My first attempt with ChatGPT (Version 5) is finished — The Last Superhero Part 3.

Right now, I’d say the result is maybe 20% of what I would like it to be. I plan to create Part 4 in the next couple of weeks and try to improve the results, as there is still some room for experimentation.

For now, here are the biggest problems I encountered.

Language Filter

Just like Midjourney, ChatGPT has a very strict language filter for image prompts. For text generation, you can tell ChatGPT that you’re working in a fictional setting. That allows you to describe certain acts of violence or crime to some degree.

With image generation, however, this isn’t possible at all. Even hinting at violence in a comic-book context can trigger the filter.

For example, I had problems generating an image where a character gets water splashed onto his face. That alone triggered the system.

The same happens with facial expressions. Pain alone might work, but pain combined with bruises often gets flagged — even without describing the action that caused them.

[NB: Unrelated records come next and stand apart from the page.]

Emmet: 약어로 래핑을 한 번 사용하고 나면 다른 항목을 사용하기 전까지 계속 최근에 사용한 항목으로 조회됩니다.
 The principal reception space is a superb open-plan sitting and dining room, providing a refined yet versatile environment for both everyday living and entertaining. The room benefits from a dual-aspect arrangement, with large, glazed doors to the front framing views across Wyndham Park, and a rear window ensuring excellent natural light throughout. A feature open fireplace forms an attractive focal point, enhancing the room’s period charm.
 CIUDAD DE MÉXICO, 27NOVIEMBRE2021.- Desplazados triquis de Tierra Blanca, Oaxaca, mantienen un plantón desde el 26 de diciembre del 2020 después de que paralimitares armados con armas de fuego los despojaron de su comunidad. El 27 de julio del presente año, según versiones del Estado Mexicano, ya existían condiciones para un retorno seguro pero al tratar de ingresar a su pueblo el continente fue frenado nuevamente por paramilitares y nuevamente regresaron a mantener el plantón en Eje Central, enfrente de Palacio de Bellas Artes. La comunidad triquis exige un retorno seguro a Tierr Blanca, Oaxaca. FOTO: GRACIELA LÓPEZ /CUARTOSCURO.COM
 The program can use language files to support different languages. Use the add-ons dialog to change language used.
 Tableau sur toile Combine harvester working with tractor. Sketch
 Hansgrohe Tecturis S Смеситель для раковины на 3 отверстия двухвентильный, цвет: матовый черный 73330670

Time Limits for Image Generation

Don’t even try using the free version.

You might only get two or three images every couple of hours. For my 31-page comic, I generated more than 120 images.

Even the paid version has timeouts. After roughly every 20 images, ChatGPT asked me to wait a couple of hours before I could continue generating more.

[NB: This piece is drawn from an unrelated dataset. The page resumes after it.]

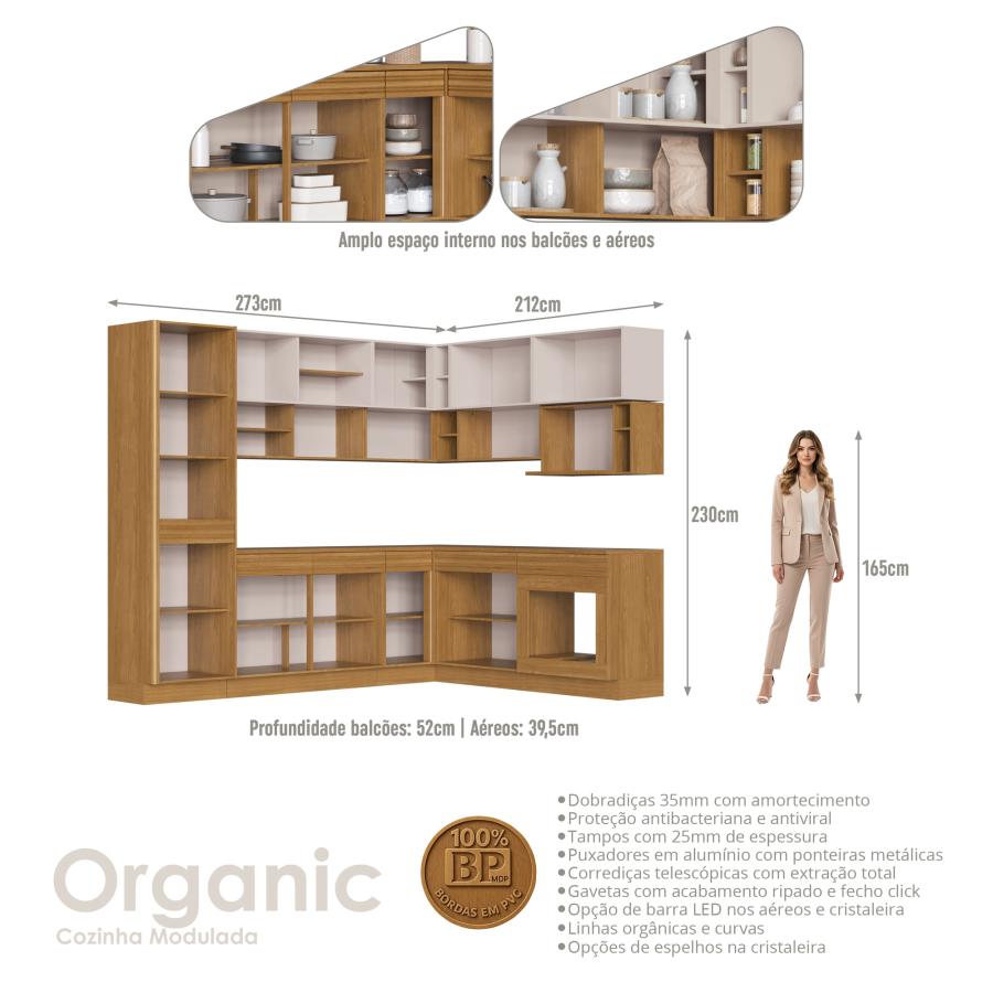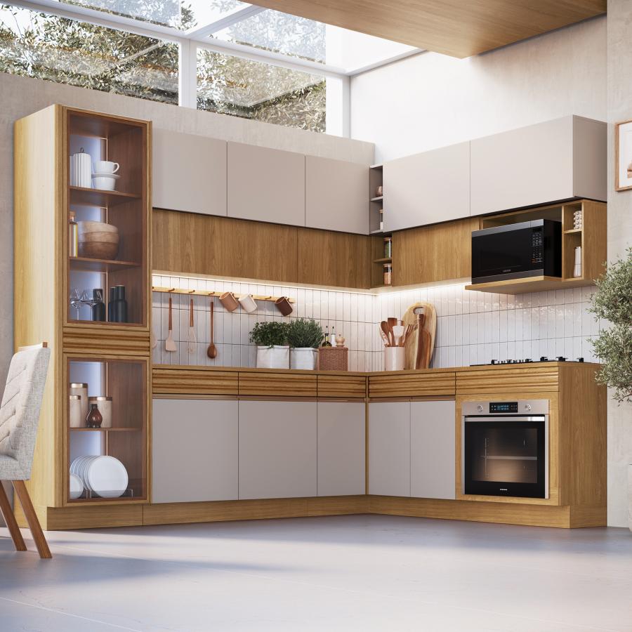 Cozinha Modulada Organic - OR0110R - Cristaleira NATURE / SAND

Midjourney handles this much better — especially considering that the prices are somewhat comparable.

Style Drift

You can clearly see how the comic switches between different art styles. I tried to anchor the prompts around a specific comic-book artist, but every few images the style drifted again.

Prompt “Fading”

I’ve seen this with Midjourney as well. When prompts become too long, parts of them seem to fade away and become irrelevant. The AI then simply ignores those sections.

Character Consistency

Clothing and the general appearance are mostly fine, but the face of my protagonist drifted quite a lot.

Character consistency remains one of the biggest issues, especially if you attempt to create something larger like a 160-page comic.

Facial Details

Facial details are very difficult to control. My character’s beard looks slightly different in almost every image, and the hairstyle of the female doctor changes frequently as well.

Environment Consistency

This is similar to the character consistency problem. The more detailed the environment, the harder it becomes to keep it consistent across multiple images.

Chats Become Clunky and Glitchy

It helps to generate all images within the same chat, but once the conversation reaches around 20 prompts, things start to slow down. The chat becomes sluggish and sometimes even glitches.

User Experience

Overall, Midjourney still offers a better user experience. It’s easier to fine-tune prompts, results arrive faster, and the whole process feels more controlled.

Conclusion

There are quite a few issues. I think some of them can be improved with better prompting and a couple of workarounds.

For now, I would still recommend Midjourney for AI comics. That said, with a few adjustments I might be able to get better results with ChatGPT when creating Part 4 of The Last Superhero.